Choosing the Right Data Format
As Dale pointed out, with every new version of FME, we add support for new formats. Take some time to read Dale’s post, it’s a very good read. As Dale concludes, like it or not, the shapefile is here to stay, and new formats will, inevitably, continue to be invented.
So with all these formats to choose from, how do you find the right one? Shapefiles have become ubiquitous in the GIS industry, but does that mean a shapefile is always the best way to distribute our data? While I know what to do with a shapefile, and gis professionals know what to do with a shapefile, imagine not knowing anything about gis, making a request for data and being directed to an ftp site with a zip file containing .shp, .prj, .dbf, etc… files.
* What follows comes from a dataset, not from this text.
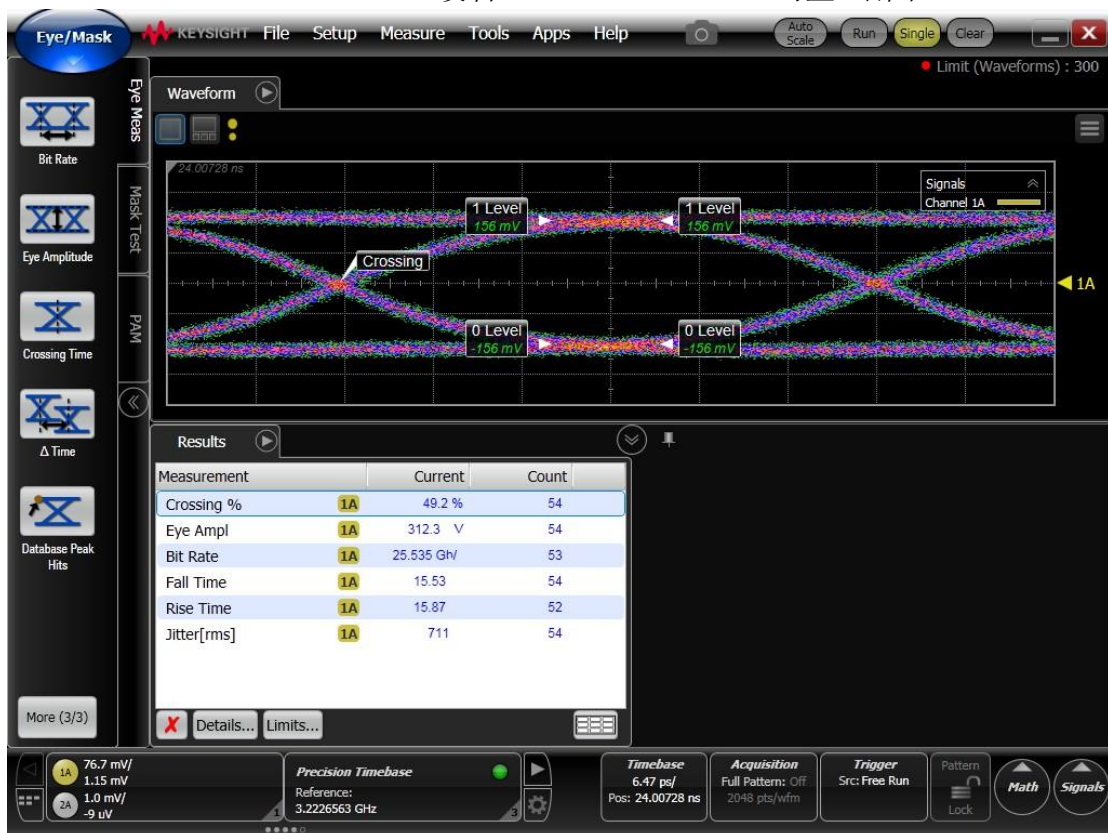
BERTWave E225A 设备 25.78125G、PRBS31 码型 眼图

If you are not a gis user, you may have no idea what to make of this collection of files. Chances are these non-gis people do not have a shapefile reader on their computer. These users are effectively stuck behind a wall between them and the data they need access to. In this case, getting over the wall is not too hard, but there is still a wall which does not need to be there.
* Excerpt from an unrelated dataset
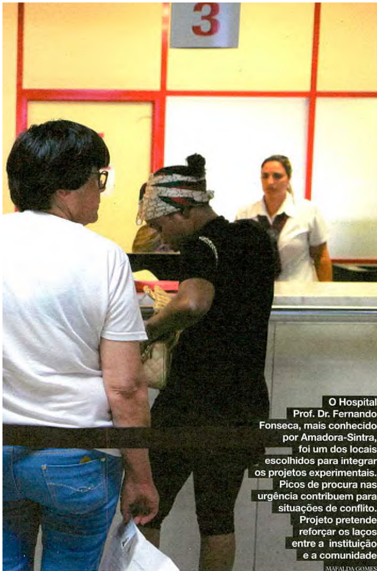
O Hospital Prof. Dr. Fernando Fonseca, mais conhecido por Amadora-Sintra, foi um dos locais escolhidos para integrar os projetos experimentais. Picos de procura nas urgência contribuem para situações de conflito. Projeto pretende reforçar os laços entre a instituição e a comunidade

I just watched an excellent video from the TED conference this morning by Sir Tim Berners-Lee. Tim is best known for inventing the web 20 years ago while an engineer at CERN. His 15 minute talk (TED is a conference aimed at bringing some of the best minds in Technology, Entertainment, and Design together to give 15 minuet talks to each other) is focused on where he sees the web going in the very near future. He envisions a world where the web is not about documents, but about information which can be queried and mashed up into whatever you like. He shows an example of a very difficult query he entered into Google, which returned thousands of documents which he would then have to pour over to get the information he needed, and a query against “linked data” which returns the exact information he is looking for. And yes, for all the geo-nerds, he does mention geo data as well, naming Open Street Map as a great example of a source of data.
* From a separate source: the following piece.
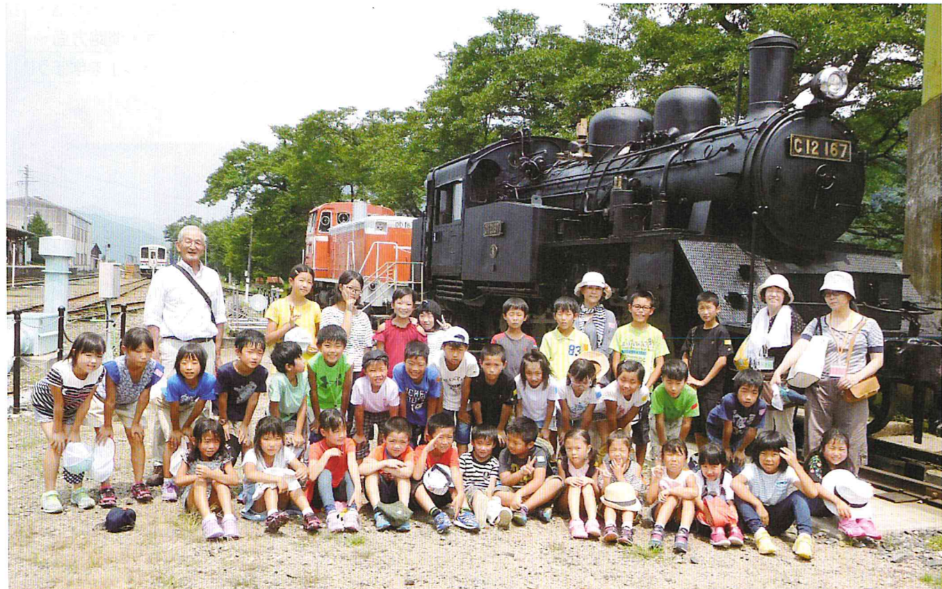
H29.7.28 若桜鉄道に乗って、わかさ氷ノ山に行こう!

平成二十九年度の諸事業は、地区の皆様の温かいご理解とご支援をいただき、無事に終えることができました。改めて感謝申し上げます。 正月にある方から年賀状を頂きました。その方は、公民館事業のパソコン教室で年賀状の作り方を学習された方で、「やっとならぬように」になって、うれしくて年賀状を出しました。というごことでした。とてもうれしくなり、「ギャラー湖山」に展示させていただきます。 また、昨年度から年末に行っている「門松づくり」はとても好評で、参加希望も多く、作品ができあがると、皆さんから「来年も是非お願いします」と、帰りながら声をかけてくださいました。さらに、これしかたのは、有志による「チーム門松」(自称)が結成され、材料の準備から、当日のお手伝い、さらに「公民館の玄関に大きな門松を飾ろう」ということに発展し、手探りながらもりっぱな門松が飾られました。こ

What I found particularly interesting about his talk were his reasons for inventing the web:
“Why did I do it? Well, it was basically frustration… I was working as a software engineer in this huge very exciting lab, with lots of people coming from all over the world, they brought all sorts of different computers with them, they had all sorts of different data formats, all sorts of kinds of documentation systems. So in that diversity, if I wanted to figure out how to build something out of a bit of this and a bit of this, everything I looked into, I had to connect to some new machine, I had to learn to run some new program, I would find there may be some information I wanted in some new data format and these were all incompatible.”
Where do I know that story from?